• Prompt: The copy you give must match the listing below exactly and contain no pictures.

• Recorded information:
☆ ☆ ☆
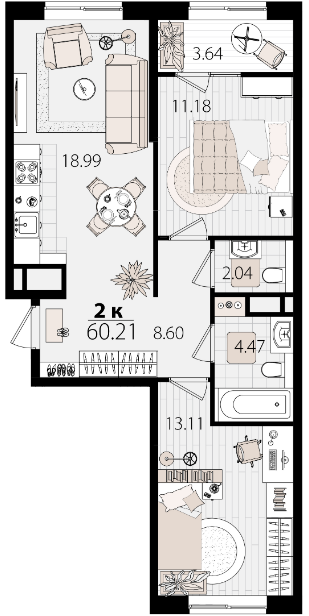 Квартира для большой семьи,площадью 60м2 с современным Евроремонтом и большой кухней-гостинной 18м2
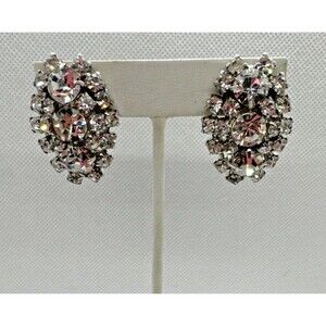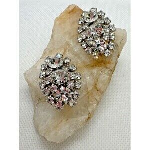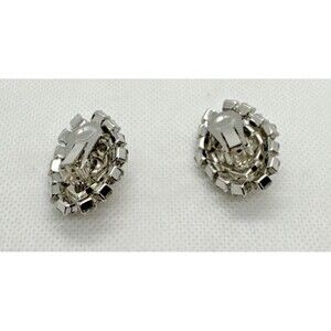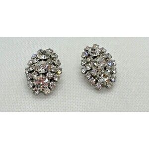 Vintage Clear Rhinestone Silver Tone Clip-On Earrings 60s 70s Retro Sparkly Glam
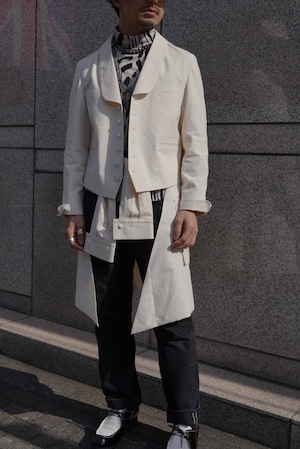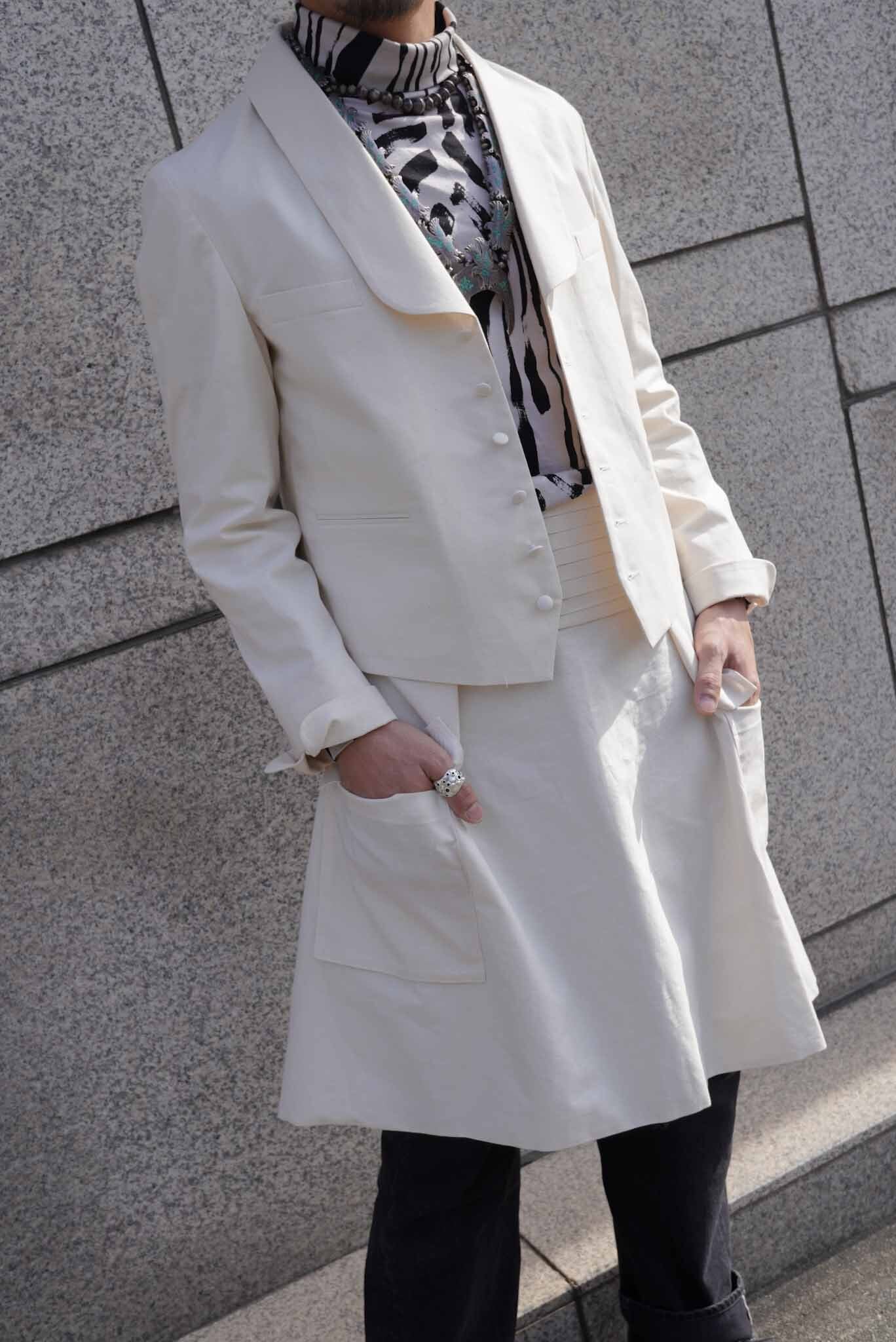 コンセプトは"腰に巻く洋服"。タキシードを着る時に巻くカマーバンドの要素をデザインし、更にその留め具としてフックやベルトではなく、シャツ袖でギュッと縛るスタイル。更にシャツを腰に巻いた時のようなデザインにし、両サイドに立体感のあるコートのアウトポケットをようなモノを付ける事で実用性もプラス。A BLUE CONCERTのジャケットやTシャツとも相性良く仕上げました。肩から巻いたりもアレンジできるので、シーズンを気にせずにスタイリングでお使い頂けます。全体的にキュプラ100%の裏地が付いているので冬辺りになると裏返しで腰に巻くスタイリングもオススメです。国内最高峰のジャケット工場の縫製により、裏側も美しくオリジナルスタイルでスタイリングをお楽しみください。
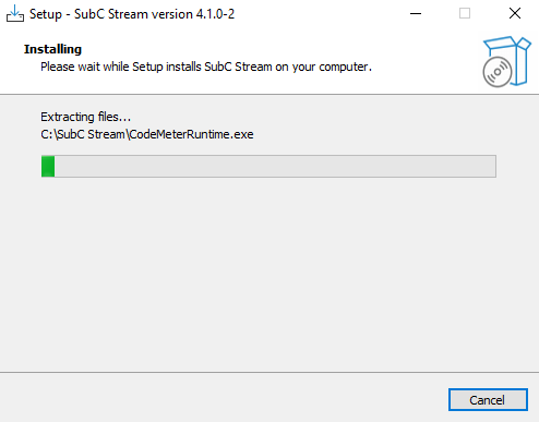 If this is the first time a SubC product is installed on this System, you may additionally see .Net software installing. Simply accept the defaults and allow it to install.
☆ ☆ ☆
• Solution to this problem:
 Квартира для большой семьи,площадью 60м2 с современным Евроремонтом и большой кухней-гостинной 18м2
 Vintage Clear Rhinestone Silver Tone Clip-On Earrings 60s 70s Retro Sparkly Glam
 コンセプトは"腰に巻く洋服"。タキシードを着る時に巻くカマーバンドの要素をデザインし、更にその留め具としてフックやベルトではなく、シャツ袖でギュッと縛るスタイル。更にシャツを腰に巻いた時のようなデザインにし、両サイドに立体感のあるコートのアウトポケットをようなモノを付ける事で実用性もプラス。A BLUE CONCERTのジャケットやTシャツとも相性良く仕上げました。肩から巻いたりもアレンジできるので、シーズンを気にせずにスタイリングでお使い頂けます。全体的にキュプラ100%の裏地が付いているので冬辺りになると裏返しで腰に巻くスタイリングもオススメです。国内最高峰のジャケット工場の縫製により、裏側も美しくオリジナルスタイルでスタイリングをお楽しみください。
 If this is the first time a SubC product is installed on this System, you may additionally see .Net software installing. Simply accept the defaults and allow it to install.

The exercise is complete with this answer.